### Aim of the task
Copy exactly the lines from the line holding "Lucerna sklenená hnedo-zlatá 8×8 cm" through the end of the material, and no others; pictures stay out.

### Information shown
----

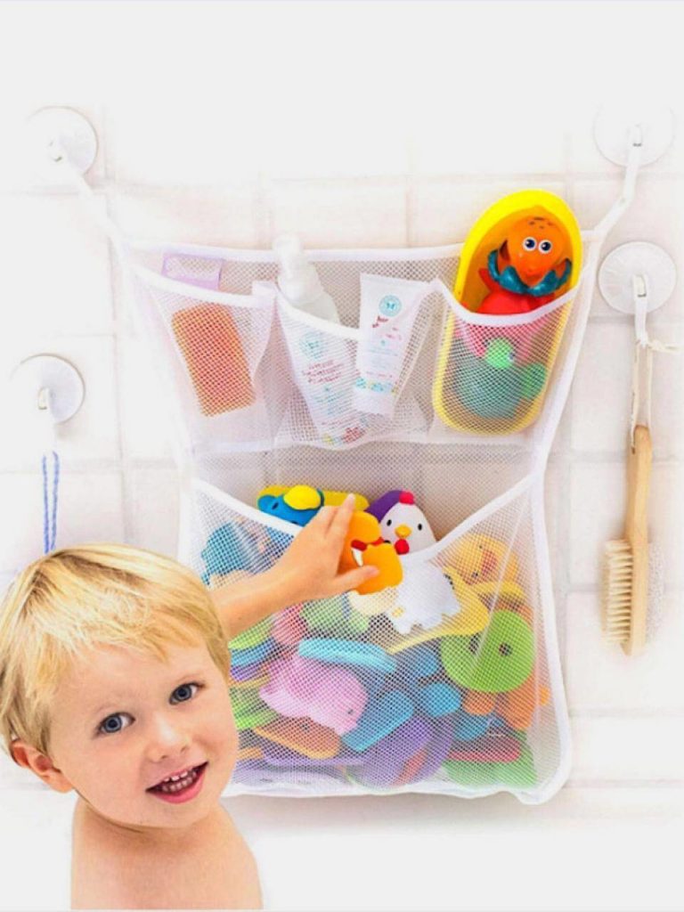 Support d'angle pour jouets pour enfants, vous pouvez le fixer sur le bain lui-même ou sur le mur à proximité. Le tissu en maille permet à l'eau de s'écouler, grâce à cela les jouets sèchent plus rapidement. Il prévient également la moisissure et le mildiou. Convient aux enfants à partir de 6 mois. Coût moyen : 1267 roubles.
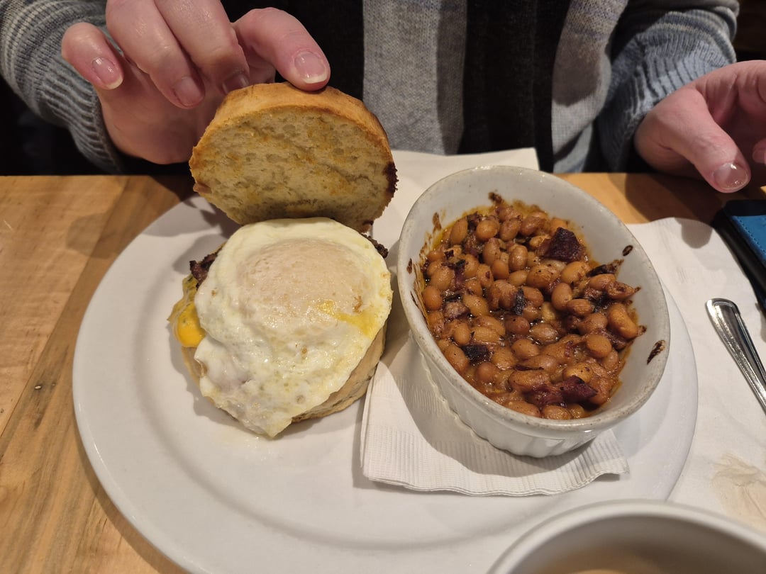 Had brunch again at Emma's today. I went for a short stack of Cinnamon Bun pancakes with a side of soft scrambled eggs and their in house made bacon, and my wife had a customized breakfast sandwich which included (among other things) pimento cheese and an over easy egg), as well as maple baked beans with bacon.
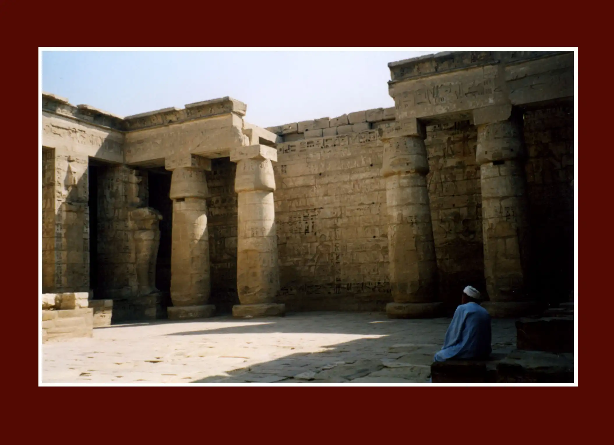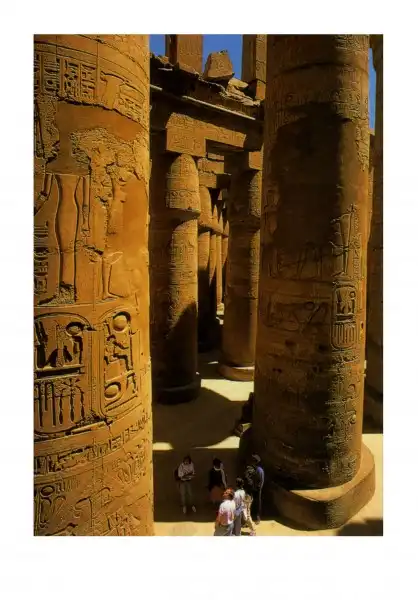 Никакие фотографии в путеводителях не вызовут тех чувств, которые испытываешь, бродя между гигантских, но в то же время легких и празднично расписанных колонн, вдоль стен, тысячи и тысячи квадратных метров которых покрыты вырезанными письменами и древними, но живыми в своей своеобразной реалистичности картинами. Все абсолютно соразмерено. Стиль уникален. Прекрасное во всем его величии, торжественности и странности.
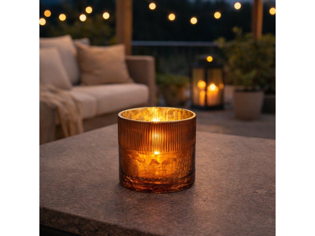 Lucerna sklenená hnedo-zlatá 8×8 cm
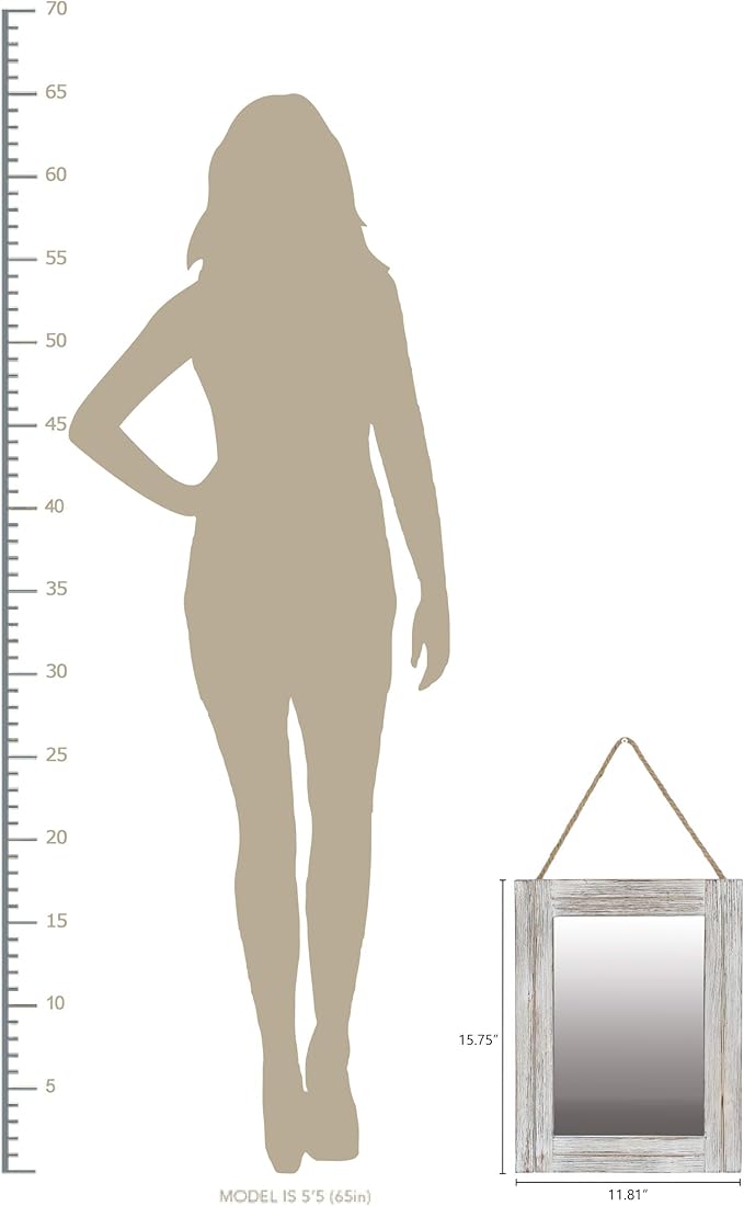 16 X 12 Inch Rustic Wood Framed Wall Mirror with Hanging Rope for Farmhouse Decor, for Entryway, Bedroom, Bathroom, Dresser, Brown
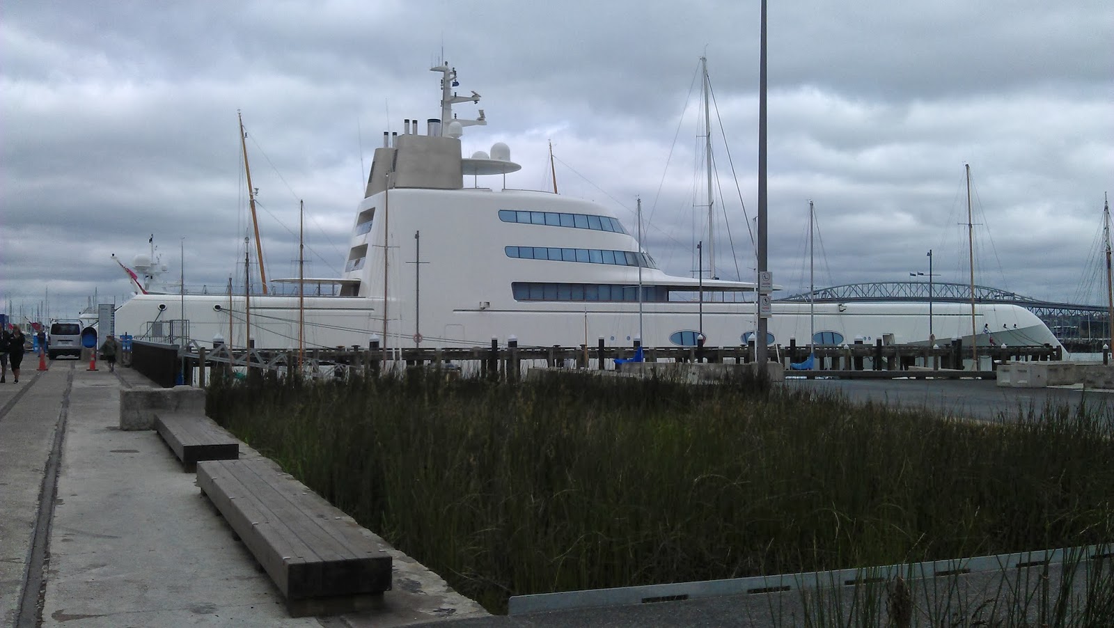 Silo Park marina is where the mega-yachts berth. This ridiculous boat, the A, is owned by a Russian tycoon and worth $350 million. He has brought it into Auckland to be repainted. It is going to cost around NZ$30 million alone to repaint and take approx. 18 months.
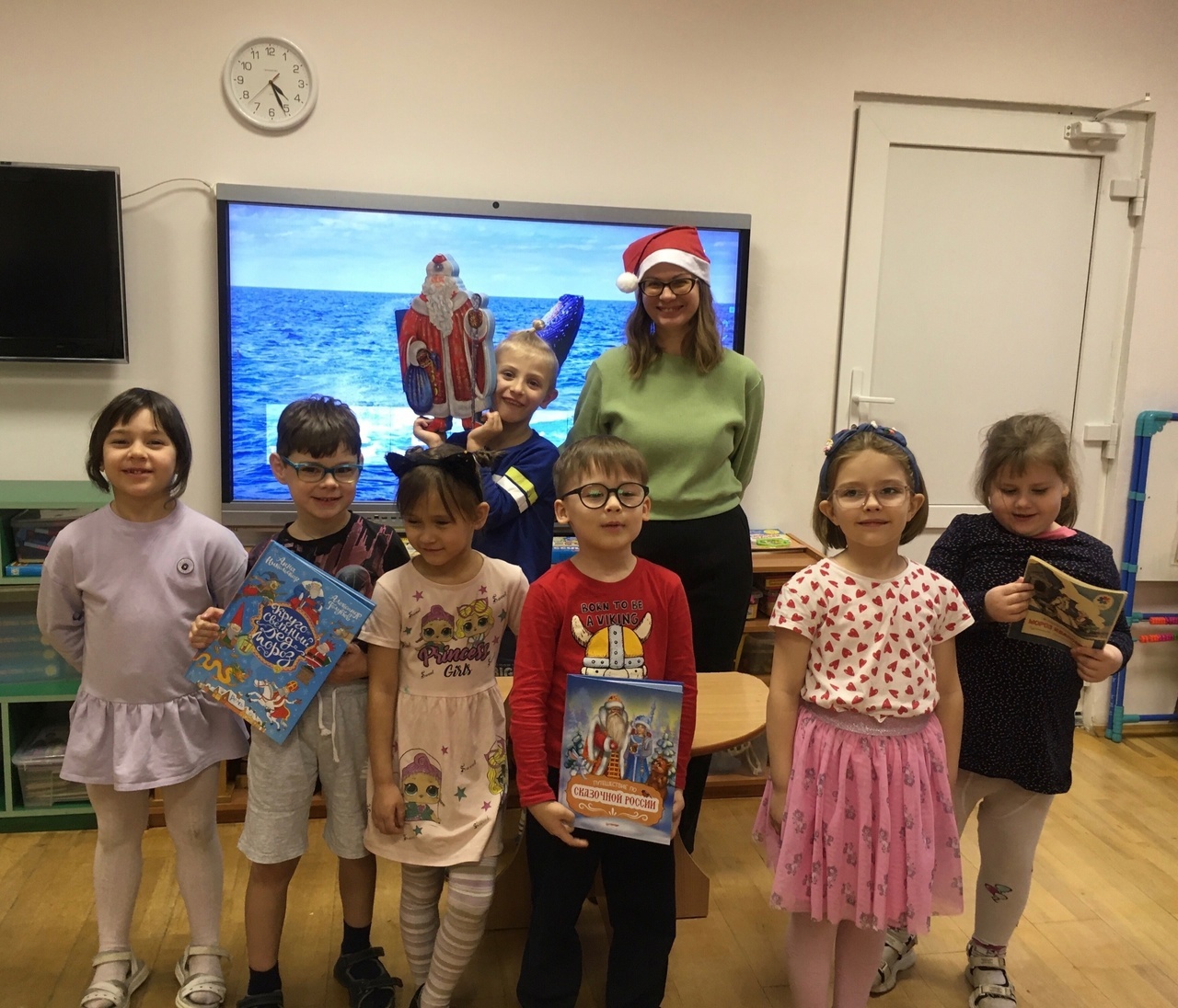 Современные дети часто путают Санта-Клауса, Деда Мороза, а иногда принимают за них гномов в красных шапочках. Разобраться в этом помогут книги! Листая книгу Анны Никольской «Кругосветный Дед Мороз», ребята внимательно рассмотрели, как выглядят главные зимние волшебники разных стран – Санта-Клаус, Йолупукки, Корбобо, Папа Ноэль, и их помощники – Бык Зимы у якутского Чысхаана, олени у итальянского Баббо Натале, Снеговик Дасти, Снежная Королева, Принц, Принцесса, Ведьма и мыши у шведского Юльтомтену, олени Санта-Клауса и жена Мэри Крисмас британского Батюшки Рождества.

----

### Task result
 Lucerna sklenená hnedo-zlatá 8×8 cm
 16 X 12 Inch Rustic Wood Framed Wall Mirror with Hanging Rope for Farmhouse Decor, for Entryway, Bedroom, Bathroom, Dresser, Brown
 Silo Park marina is where the mega-yachts berth. This ridiculous boat, the A, is owned by a Russian tycoon and worth $350 million. He has brought it into Auckland to be repainted. It is going to cost around NZ$30 million alone to repaint and take approx. 18 months.
 Современные дети часто путают Санта-Клауса, Деда Мороза, а иногда принимают за них гномов в красных шапочках. Разобраться в этом помогут книги! Листая книгу Анны Никольской «Кругосветный Дед Мороз», ребята внимательно рассмотрели, как выглядят главные зимние волшебники разных стран – Санта-Клаус, Йолупукки, Корбобо, Папа Ноэль, и их помощники – Бык Зимы у якутского Чысхаана, олени у итальянского Баббо Натале, Снеговик Дасти, Снежная Королева, Принц, Принцесса, Ведьма и мыши у шведского Юльтомтену, олени Санта-Клауса и жена Мэри Крисмас британского Батюшки Рождества.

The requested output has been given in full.